Clear and simple syntax / representation is important; combined with matching editing tools it enables us to communicate ideas easily and fluently.

I also like the idea of well defined input spaces. Many theorems or algorithms only work under certain conditions, and much damage has been done by applying them outside of their intended domains. But I think that's only part of the problem.

My own theory is that programs are specifications, and the more clearly and precisely they specify the better. Programs can fit into a matrix of good/bad ideas and good/bad specifications. Of these, two kinds are interesting bugs:

  1) Incorrectly specified good ideas
  2) Correctly specified bad ideas
Well specified good ideas are correct programs, and incorrectly specified bad ideas are just hopelessly confused.

Improving the languages and tools will never fix bad ideas, but they can make them more obvious. Now the goal is to make programming as close as possible to 'saying what you mean'. In other words, making the semantics as explicit as possible.

Basically my goal is 'declarative programming', which turns out to be a very vague concept to most people. They all agree that it's better, but nobody seems to have a good explanation for why.
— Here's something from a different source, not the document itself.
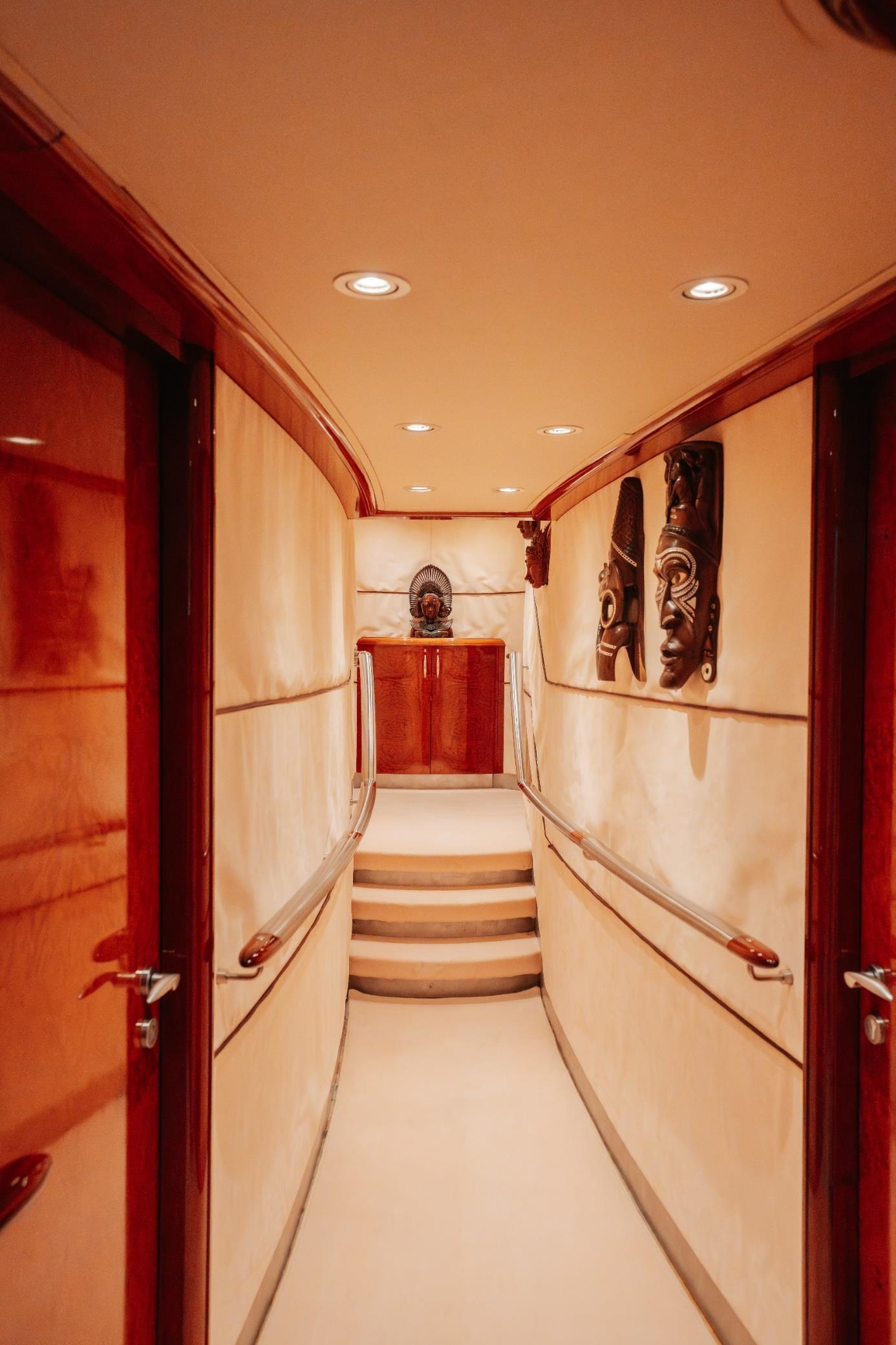 In front of the saloon and dining room, spacious, well-fitted, and equipped. Proper crew mess in front of the port side galley

I think the difference is that declarative programs specify the only the relationships which are important, leaving the rest up to the platform to optimize or interpret as it sees fit. This leads to powerful and concise languages such as SQL, but at the cost of placing the burden on the platform rather than the programmer. Good for communication and clarity, bad for development and adoption.
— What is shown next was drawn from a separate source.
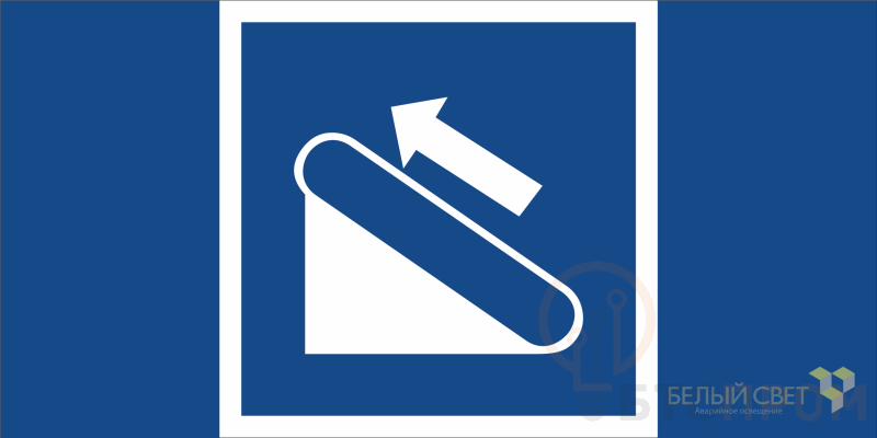 Знак безопасности "Эскалатор (подъемник)", габаритные размеры 200х100 мм, фактические размеры 200х100 мм, сигнальный цвет - синий, контрастный цвет - белый

Basically, declarative languages can be more concise because they rely more on shared knowledge; predefined vocabulary. If the language doesn't already have a way to express the concept you want, however, it is much more work to add. Imperative / procedural programs are more flexible because they rely on implicit semantics. You just tell the computer what to do—you don't have to explain what it is doing or why. Everything the program "accomplishes" is imaginary and external to the specification. This leaves very little room for the computer to optimize your selection of operations, and leaves a lot of room for you to accidentally provide an incorrect sequence of steps.

It's like the difference between giving directions by saying "Go to the grocery store at 5th and Main" vs. "Take a left, go three blocks, take a right, go two more blocks, park on the right side of the street and enter the blue building." The first is much clearer, but places much higher expectations on the navigation abilities of the recipient, while the second can be followed by anyone even though they have no idea where they're going - and mistakes are correspondingly harder to notice.

Sadly, the nature of declarative languages makes them fairly domain specific, which may explain part of why they're so rare and hard to make. Creating a declarative language for solving a class of problems is much harder than solving a single problem imperatively; you actually have to think of how and why you're solving those problems. But I think we could probably create some general patterns and guidelines for defining them, and maybe even start building up some tools to reduce the effort required.